EXERCISE REQUIREMENTS => For the records below, output word for word the lines from the one with "根據(jù)當前政策,銷項稅" up to and including the one with "记者实测发现,车辆方向盘还是歪的,只有方向盘歪着的时候,车辆才能走直线。". No pictures.

EXERCISE MATERIALS =>
-.-.-

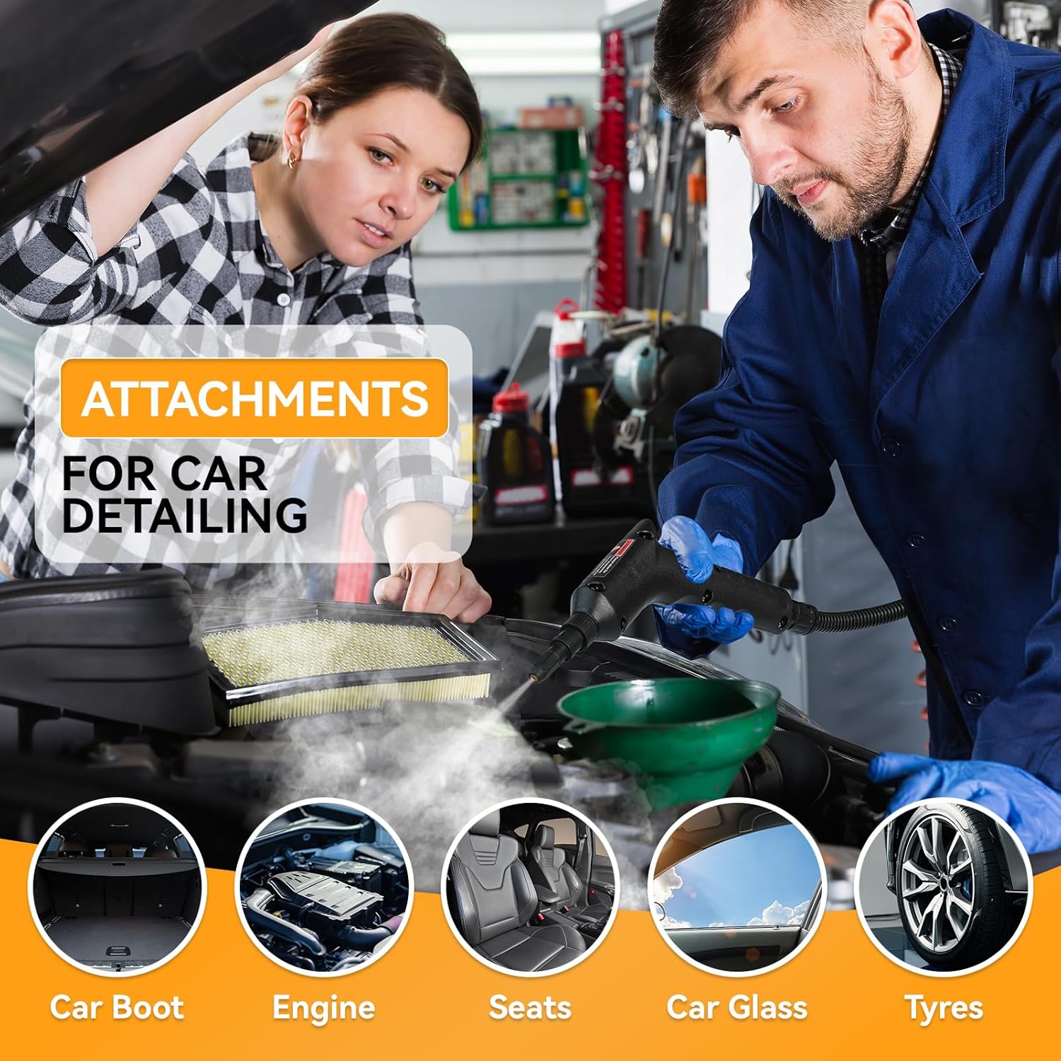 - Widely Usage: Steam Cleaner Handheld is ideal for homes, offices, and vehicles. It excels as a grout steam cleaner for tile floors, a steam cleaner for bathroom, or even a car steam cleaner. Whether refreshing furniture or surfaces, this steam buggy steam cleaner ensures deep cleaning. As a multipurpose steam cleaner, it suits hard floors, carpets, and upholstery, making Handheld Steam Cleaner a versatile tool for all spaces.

-.-.-

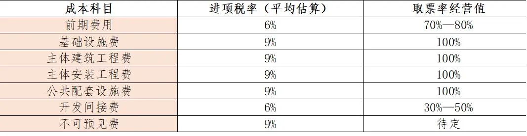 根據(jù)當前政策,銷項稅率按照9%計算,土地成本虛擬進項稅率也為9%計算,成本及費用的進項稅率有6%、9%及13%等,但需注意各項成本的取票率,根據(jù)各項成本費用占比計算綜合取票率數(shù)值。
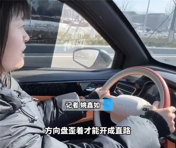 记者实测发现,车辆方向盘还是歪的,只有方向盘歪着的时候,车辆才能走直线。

-.-.-

OUTPUT FOR THIS EXERCISE =>
 根據(jù)當前政策,銷項稅率按照9%計算,土地成本虛擬進項稅率也為9%計算,成本及費用的進項稅率有6%、9%及13%等,但需注意各項成本的取票率,根據(jù)各項成本費用占比計算綜合取票率數(shù)值。
 记者实测发现,车辆方向盘还是歪的,只有方向盘歪着的时候,车辆才能走直线。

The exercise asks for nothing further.